У экрана и книжной полки

Купеческая гавань - Жизнь

"Крестный отец" - 3, 4, 5

Давным-давно, когда склонность и любовь к чтению считались чертами привлекательными, было немало самозванцев. Самозванцев легко разоблачали: они не знали имен писателей. Они, например, говорили так: "Мне книжка очень понравилась. Кто написал? Ой, а я этого никогда не запоминаю". И все над ними смеялись, отводя им место в фельетонах и анекдотах.

Раньше человек не-читающий становился изгоем с клеймом - "бездуховность", теперь же всякий человек, откровенно и нагло читающий хорошие книги, выбрасывается новым обществом в аутсайдеры с клеймом - "пережиток прошлого". Теперь стыдно запоминать фамилии авторов книг или режиссеров кинолент.

Но, слава Богу, и писатели и режиссеры делают все возможное для того, чтобы их фамилии оставались ненужными.

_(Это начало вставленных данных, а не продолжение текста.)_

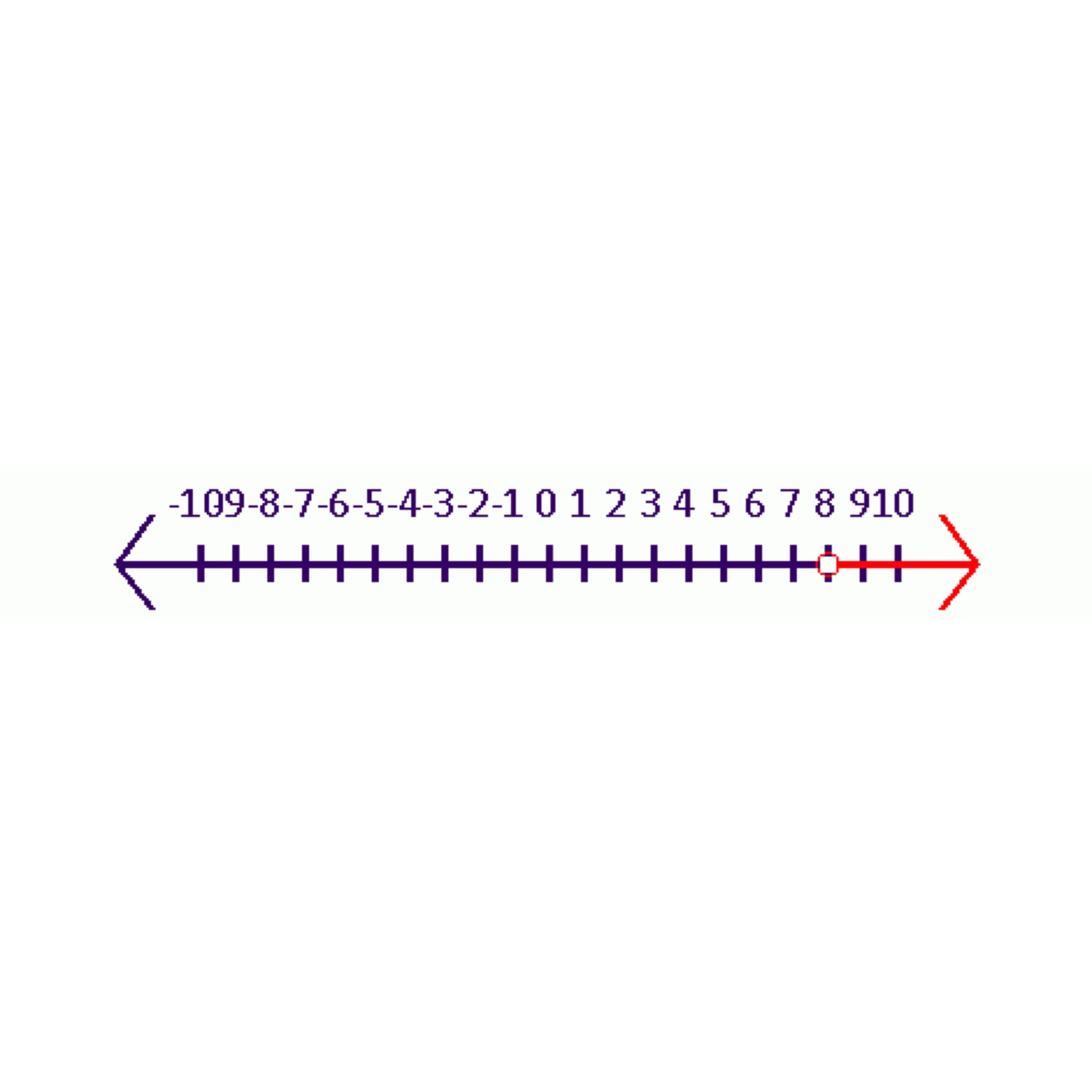 I made this photo to give an example about inequality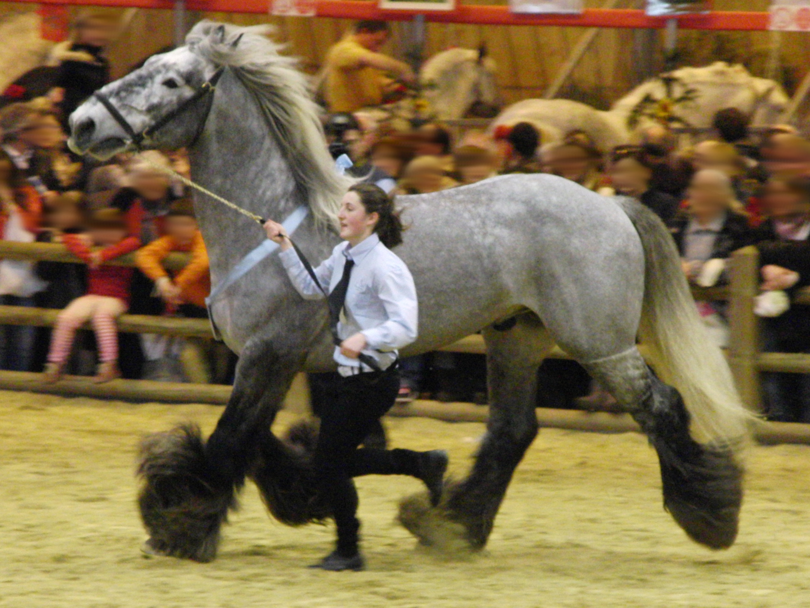 Poitevin Mulassier stallion during a show - Paris International Agricultural Show 2012, Paris, France

Нет, на обложках популярных книг все еще пишут фамилию писателя, а вот в пунктах проката видеокассет в большинстве случаев режиссеры не значатся на цветных обложках. Да и зачем, если они всеми силами стараются соответствовать стандарту, а не собственной индивидуальности.

Поразительно, но в российском масс-культе буквально за несколько лет сложился новый тип литератора-ремесленника, пишущего по два-три романа в год, причем романа ничем не уступающего американскому прототипу; новый литератор богат и преуспевающ, он живет на доходы от книг (так в советские времена жили многие писатели, но преданные партии и прославляющие ее идеологию).

А, впрочем, РЫНОК на новом витке истории, на мой взгляд, стал тем, чем раньше была ПАРТИЯ. Да-да, раньше партия, а теперь рынок в нашем обществе может дать благополучие, деньги, успех, поездки, и именно рынок сегодня, как раньше партия, может потребовать компромисса с совестью, лицемерия, предательства друзей, всего, что разъедает душу или превращает ее в камень.

А главное (для меня, во всяком случае) как раньше подстраивались под вкусы партии, так теперь подстраиваются под вкусы рынка. То есть: самый популярный жанр - триллер. Следовательно, в писатели вышло все мало-мальски грамотное МВД и мало-мальски образованный уголовный мир. Пишут, не покидая полковничьих должностей, или, не покидая нар.

Новый роман одного из лучших нынешних авторов - доцента высшей школы МВД Данила Корецкого называется "Антикиллер" (замечательный неологизм, соединяющий американский образец с еще свежим в памяти - со времен высшей партшколы - "Анти-Дюрингом"). И эпиграф чрезвычайно характерный. Взят из "Крестного отца-3" (эти порядковые номера моментально прижились, указывая на то именно, что роль автора ничтожна и что развить идею, предложенную вариантом №1, может, в принципе, любой). Гласит: "Если история чему-нибудь и учит, то только потому, что убить можно кого угодно".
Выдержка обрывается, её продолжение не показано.